Affiliation:
1. College of Petroleum Engineering & Geosciences, King Fahd University of Petroleum & Minerals, KFUPM, Dhahran 31261, Saudi Arabia
2. Baker Hughes, Dhahran, Saudi Arabia
Abstract
Abstract
Studying the dielectric properties of reservoir systems can provide crucial information such as water saturation, total porosity, and brine salinity. Different models have been developed to estimate the dielectric parameters such as the conductivity and relative permittivity. However, multiple assumptions are used, and considerable computational processes are employed. This work aims to develop a new model to predict dielectric properties utilizing artificial neural networks (ANN).

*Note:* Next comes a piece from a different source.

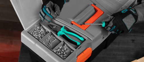 Ящик для инструмента Stels 90706, 23 дюймов, габаритами 590 х 300 х 300 мм, из пластика, предназначен для переноски и хранения инструментов, хозяйственных мелочей, рыболовных снастей. Содержимое не рассыпется, поскольку он надежно закрывается. Встроенные в крышку отделения обеспечивают быстрый доступ к крепежам и другим необходимым предметам. Большой ящик для хранения инструментов будет полезен дома, на даче, в гараже и на рыбалке.

In this study, the relative permittivity (dielectric constant) and conductivity for shale rocks were predicted based on the raw measured data. Multi-frequency dielectric measurements were carried out using a coaxial dielectric probe. The model input is mainly the reflection caused by the samples at different frequencies. The relative permittivity and conductivity of the samples were predicted using the ANN model at a frequency range of 1MHz to 3GHz, in order to capture multiple polarization mechanisms. Different types of error indexes were determined to indicate the prediction performance. Also, a comprehensive analysis was conducted to optimize the performance of the developed ANN model.
The results showed that the ANN-based model can effectively predict the dielectric parameters. A correlation coefficient of more than 0.94 was obtained. The optimized ANN model consists of one hidden layer with 7 neurons and uses Levenberg-Marquardt (trainlm) function during the training phase. Thereafter, a new equation was extracted from the developed ANN model to allow fast and accurate estimations for the dielectric properties. The developed equation can be applied to a wide range to estimate the relative permittivity and conductivity of shale rocks.
For the first time, an AI-based model is developed to estimate the dielectric properties of shale rocks. The proposed model can predict the dielectric constant and conductivity in less time and with high reliability.